AI will need large amounts of electricity in the coming years, but it doesn’t need to necessarily be generated close to where humans live.
NVIDIA CEO Jensen Huang has proposed an unconventional solution to one of artificial intelligence’s most pressing challenges: the enormous energy requirements for training advanced AI models. Rather than building data centers near population centers and straining existing power grids, Huang suggests a paradigm shift—training AI in remote locations with abundant renewable energy, then deploying the trained models wherever they’re needed. His vision reframes the geography of AI infrastructure around energy availability rather than human proximity.

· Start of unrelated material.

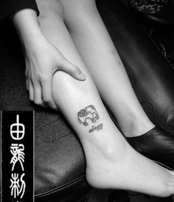 女孩子腿部可爱流行的小象纹身图案_腿部纹身图案大全_纹身图吧

“AI doesn’t care where it goes to school,” Huang explained. “The world actually has an abundance of energy. It’s just in the wrong place. The amount of energy that we get from the sun, the amount of energy we get from thermal, from sustainable energy is quite high. It’s just in the wrong place. It’s in places where people don’t live. They’re in deserts. They’re in places that are quite cold. They’re in places that are not the most delightful places with wonderful climate and beachfront properties and things like that.”
Huang’s proposal is straightforward in its logic: “We need to go make sure that those areas have power generation capabilities. Then we can put data centers there. We could train our AI models there. And when they ‘graduate’, we bring the AI models back and use it wherever we like to use it.”
The NVIDIA chief emphasized that this approach eliminates the need for complex energy storage infrastructure. “I think in the future you’ll probably see data centers being built in countries that are currently far away from population, far away from the power grid. And there’s no reason to build batteries. Just use the energy, train AI models, and bring the trained AI model back to population.”
By decoupling AI training from deployment, the technology industry could tap into vast renewable energy resources in inhospitable regions—solar farms in deserts, wind installations in remote coastal areas, or geothermal plants in volcanic regions—without the logistical challenges of transmitting that power across continents or storing it in massive battery arrays. Once trained, AI models are essentially software that can be transmitted digitally anywhere in the world instantaneously, making the physical location of training infrastructure irrelevant to end users.
This concept of remote AI infrastructure is gaining traction beyond Earth itself. Amazon founder Jeff Bezos recently predicted that AI data centers would be operating in space within 20 years, taking the logic of remote training to its ultimate conclusion. Notably, NVIDIA has backed this vision with capital, funding Starcloud, a startup developing space-based AI data center technology. These orbital facilities would harness unfiltered solar energy and eliminate cooling costs in the vacuum of space, while keeping power-hungry operations literally above the demands of terrestrial energy grids. As AI models continue to grow in size and capability, Huang’s philosophy of training where energy is abundant—whether in Earth’s deserts or in orbit—may become not just practical, but essential.